The Fall of Ye (and thoughts on Meta's metaverse)
Plus: Escape from Disney World, Halloween candy's ok, and let's all vote!
Me this past weekend in L.A. with Jon Gray of Ghetto Gastro as they launch their new cookbook, Black Power Kitchen.
Hi you,
In today’s newsletter (also in Puck but this version has the cool photo above), my thoughts on the billionaires shaping our world—one former (Ye), one current (Zuck)—but before we get to that, here are a few other things on my mind, starting with my brief time in DisneyWorld last week. I was speaking at the Blacks In Tech Conference, which I belatedly realized was at Disney’s Coronado Resort in Orlando.
I haven’t been to a Disney theme park in about 35 years, and a lot’s happened in my life since then. Like, for example, I’ve seen all four seasons of Westworld. So going to a park where the staff are all “cast members” and guests dress up in “character” sort of freaked me out, to say the least. The first thing I noticed as I checked in was the large number of defibrillator stations on the map. I pointed this out to a “cast member” who replied without missing a beat, “We’re not going to let anyone die on our watch, friend. This is Disney!” Magical, creepy, and committed all at once.
When I last wrote to you, I was just returning to the USA from several weeks of business in Europe. I know you know how I feel about the bread and wine and social contract over there (it’s better), so I won’t belabor that point. Instead, I want you to know about a documentary I saw at the Jackson Wild Media Festival. It’s called The Territory, and it’s a simultaneously tragic and uplifting story of the indigenous Uru-eu-wau-wau people and their fight to protect themselves and the Amazon from illegal settlements and development. Given the importance of the Amazon rainforest to our collective efforts to face the climate emergency, this is an urgent film, so keep an eye out for its wider availability.

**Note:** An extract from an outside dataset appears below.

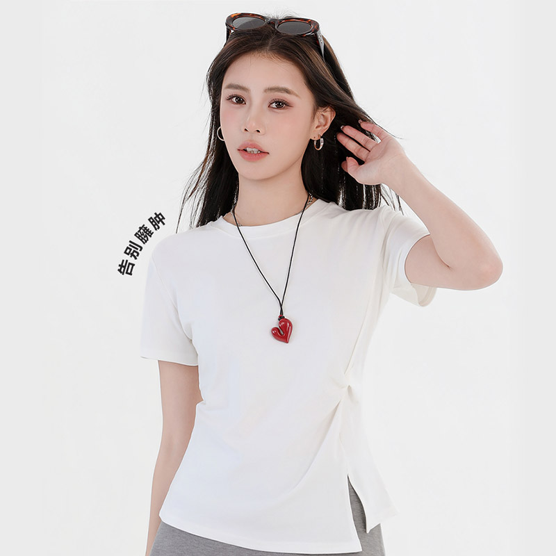 Z00123新款不规则褶皱显瘦正肩短袖(人棉)

Here are three other things I think you should check out.
First, as a child, I remember the fears about poisoned candies and razor blades in apples we might encounter during Halloween trick-or-treating. Those fears were never based on a single real world incident, and to this day, it’s all been media hype and political fear-mongering. In other words, you probably don’t have to worry about rainbow fentanyl in your kid’s candy haul.
Second, I’m gonna be spending this week reading Matt Levine’s full issue-length deep dive into crypto in Bloomberg Businessweek. Maybe we should start a longreads club someday to talk about it?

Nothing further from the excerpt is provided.